No country has ever won the World Cup with a foreign head coach.
That statistic looks set to remain at Qatar 2022, with all eight countries in the quarter-finals having local head coaches.
That trend shouldn’t be too surprising. The countries that are good at producing soccer players are also good at producing soccer coaches. Only nine countries at the World Cup had head coaches from overseas. Only three of those teams: Belgium, Mexico and Iran, were in the top 20 of the FIFA rankings at the start of the tournament.
By the time, the tournament had reached its knockout stages, eight of those nine countries had been knocked out. The sole surviving overseas head coach was South Korea’s Portuguese head coach Paulo Bento.
With one World Cup cycle coming to an end, national teams will be considering which direction they want to go in, and head coaches will be weighing up whether they want to spend another four years in charge of a national team. Paulo Bento has already made that choice. He announced he would leave his post following South Korea’s 4-1 loss to Brazil.
That loss means he might not make global headlines, but South Korea’s improvement under Paulo Bento is clear.
South Korea qualified for the 2014 World Cup on goal difference and finished bottom of their group with one point. In 2018, a dramatic late win against Germany papered over the cracks. Once again South Korea struggled through the final qualifying round and produced dull, unambitious performances against Sweden and Mexico.
By contrast, qualification for 2022 was a breeze, and Bento’s build-up play tactics meant that in the group stage, South Korea had more possession, made more passes and crosses, and had more shots and shots on target than in the group stage in 2018.
South Korea’s improved play comes partly from Bento’s squad selection. Ignoring demands to call up whoever might be on form at the time, he selects each position due to certain criteria. Goalkeeper Kim Seung-gyu’s strong distribution skills meant he was given the nod over the hero of the Germany match Jo Hyeon-woo. Bento’s holding midfielders must have a fast enough sprint to be able to cover the full-back position should the full-backs lose position in advanced positions, and the attributes that Bento requires from his number nine have meant that K League top scorers like Joo Min-gyu often don’t get a call up.
National team head coaches get very little time with their squads to implement ideas and tactics. For South Korea, whose stars are based on a different continent, travel time eats into that even more.

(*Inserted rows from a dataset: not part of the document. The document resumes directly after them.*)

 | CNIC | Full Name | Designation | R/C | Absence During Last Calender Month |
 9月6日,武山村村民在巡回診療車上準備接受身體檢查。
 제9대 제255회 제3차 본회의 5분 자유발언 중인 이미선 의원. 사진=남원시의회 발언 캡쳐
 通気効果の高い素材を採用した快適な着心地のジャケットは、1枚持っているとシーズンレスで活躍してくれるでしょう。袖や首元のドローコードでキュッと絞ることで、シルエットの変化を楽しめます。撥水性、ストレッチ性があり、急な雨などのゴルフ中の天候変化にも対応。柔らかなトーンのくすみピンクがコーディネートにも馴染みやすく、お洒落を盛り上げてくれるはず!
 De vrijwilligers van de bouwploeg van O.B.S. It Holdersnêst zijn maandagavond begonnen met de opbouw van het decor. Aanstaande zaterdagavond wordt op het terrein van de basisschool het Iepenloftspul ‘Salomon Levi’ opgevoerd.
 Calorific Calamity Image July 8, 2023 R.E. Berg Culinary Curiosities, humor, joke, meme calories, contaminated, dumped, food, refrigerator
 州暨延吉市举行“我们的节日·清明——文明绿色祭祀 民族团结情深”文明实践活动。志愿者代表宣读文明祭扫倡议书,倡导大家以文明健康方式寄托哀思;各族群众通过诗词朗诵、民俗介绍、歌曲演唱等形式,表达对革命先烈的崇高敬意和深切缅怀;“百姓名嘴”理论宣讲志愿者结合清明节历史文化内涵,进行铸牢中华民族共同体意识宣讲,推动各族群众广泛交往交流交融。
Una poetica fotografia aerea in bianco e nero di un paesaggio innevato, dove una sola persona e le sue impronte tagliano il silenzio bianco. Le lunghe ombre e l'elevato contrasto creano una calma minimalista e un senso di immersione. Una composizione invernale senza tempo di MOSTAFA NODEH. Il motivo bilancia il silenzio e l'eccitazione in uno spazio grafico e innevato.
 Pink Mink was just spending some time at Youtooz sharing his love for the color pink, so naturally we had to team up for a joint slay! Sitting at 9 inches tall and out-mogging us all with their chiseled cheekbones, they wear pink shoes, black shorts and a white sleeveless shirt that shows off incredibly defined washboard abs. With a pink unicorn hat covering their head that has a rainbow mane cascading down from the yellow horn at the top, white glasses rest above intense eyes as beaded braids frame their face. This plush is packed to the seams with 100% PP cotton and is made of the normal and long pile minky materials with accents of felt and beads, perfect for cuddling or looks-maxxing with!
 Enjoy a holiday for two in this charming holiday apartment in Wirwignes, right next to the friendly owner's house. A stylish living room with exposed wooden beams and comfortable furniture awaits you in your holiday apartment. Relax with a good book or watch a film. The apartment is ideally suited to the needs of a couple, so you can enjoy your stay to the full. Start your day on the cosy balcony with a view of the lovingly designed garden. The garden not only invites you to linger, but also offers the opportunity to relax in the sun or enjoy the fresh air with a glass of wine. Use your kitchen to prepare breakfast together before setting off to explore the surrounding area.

To maximize time with players, Bento’s staff have used pre-match warm-ups to work on positioning. While the forwards warm up around the penalty area, Bento’s coaches place the full-backs on the wings and throw or kick balls to Korea’s center backs to control and quickly distribute to precise positions.
Paulo Bento is South Korea’s longest serving head coach, and the team has benefited from having the same coach for the whole World Cup cycle.
Shin Tae-yong had only two full competitive matches as well as friendly games ahead of the 2018 World Cup and Hong Myung-bo only had friendly matches to prepare for the 2014 World Cup. Both of them were up-and-coming prospects who had coached at the Olympics, but had their reputations damaged by being thrust into the national team too early in their careers and without enough time to really make an impact on the team ahead of the World Cup.
The global trend at the moment seems to be for more local managers, with Morocco and Japan’s World Cup performances possibly speeding that trend up. South Korea in 2010 also reached the last 16 with local manager Huh Jung-moo.
Part of the arguments for local coaches comes down to ideas about soccer culture, and that each team should have a coach that fits their culture. The Korean Football Association, like England, has set about developing its own soccer DNA. That DNA includes a proactive style of play, a rather vague term that allows head coaches flexibility, but one that can be seen in Paulo Bento’s South Korean side and was lacking in 2018.
Some critics might have argued for a more defensive, reactive approach for South Korea’s knockout match against Brazil, but such an approach probably wouldn’t have got South Korea through the group stage in the first place, and wouldn’t have had neutrals excited in the way that South Korea’s approach to the Ghana match did.
Whoever the next South Korean manager is, the KFA needs to ensure that the team builds on the improvements made over the last four years, and that a long-term plan is in place, focused on the 2026 World Cup.